April showers might bring May flowers, but they are also a sign that another severe weather season is here. Residents should remember to keep an eye to the sky when attending outdoor events.
“With hundreds of fun outdoor activities each year throughout Michigan, it is important to know what do if you are outside and severe weather strikes,” said Rich Pollman, Chair of the Michigan Committee for Severe Weather Committee.
* Remember the following when you are attending outside events:
* Check the weather forecast before leaving your house.
* When you arrive check around for the nearest shelter.
* Seek shelter when you first hear thunder, see dark threatening clouds developing overhead or lightning. Count the seconds between the time you see lightning and hear the thunder. You should already be in a safe location if that time is less than 30 seconds.
* If you can’t find a shelter, get into a fully enclosed vehicle. Put your head down below the windows, covering it with your hands or blanket.
* Stay inside until 30 minutes after you last hear thunder. Lightning can strike more than 10 miles away from any rainfall.
To assist those planning outdoor events, the Michigan Committee for Severe Weather Awareness has developed a brochure to help develop an emergency plan those organizing farmers’ markets, fairs and concerts. It is available on the website, www.mcswa.com.
In 2010, tornadoes and thunderstorms resulted in one death, 22 injuries and $360 million in damages in Michigan. Flooding caused another $7 in damages.
It is important for Michiganians to be familiar with severe weather alerts. A tornado watch or severe thunderstorm watch simply means that severe thunderstorms and tornadoes are possible. Residents should gather a first aid kit, flashlight and portable radio or their emergency supply kit. They should monitor the weather through local television, radio or NOAA weather radio.
A tornado warning means that a tornado has been sighted or is indicated on Doppler Radar. Go immediately to the basement or a small interior room on the lowest level. Keep away from chimneys and windows. Leave mobile homes and find shelter in a sturdy building.
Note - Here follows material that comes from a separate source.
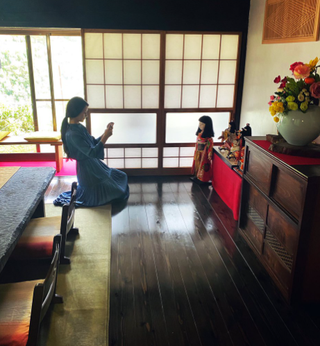 ダレノガレさんは「お茶の間。ここで家族でお茶飲んだりお菓子食べたり 実家で1番好きな場所」と、実家の“茶の間”の写真をアップ。存在感のある桜の盆栽やおしゃれな丸型の照明、日本人形などが配され、広々とした和テイストの空間が広がっています。

When a thunderstorm warning is issued for your area, get indoors immediately and do not use the telephone or electrical appliances. Keep away from windows. Do not take shelter in sheds or under isolated trees. If you are out boating and swimming, get to land and find a sturdy shelter immediately.
To prepare for severe weather, the Michigan Committee for Severe Weather Awareness suggests that you:
* Plan ahead. Be sure everyone in your household knows where to go and what to do in case of severe weather. Make plans for those who may have trouble getting to shelter.
* Have emergency supplies on hand, including a battery-operated radio, a flashlight and a fresh supply of batteries.
* Know the shelter locations in public buildings, such as work, schools and shopping centers.
* Make a list of household furnishings and other items. Take photographs of each room. Store the list and photos in safe place.
* Have an emergency communication plan. Know how to reach family and friends if you are unable to meet at home.
* Create an emergency plan for your pets.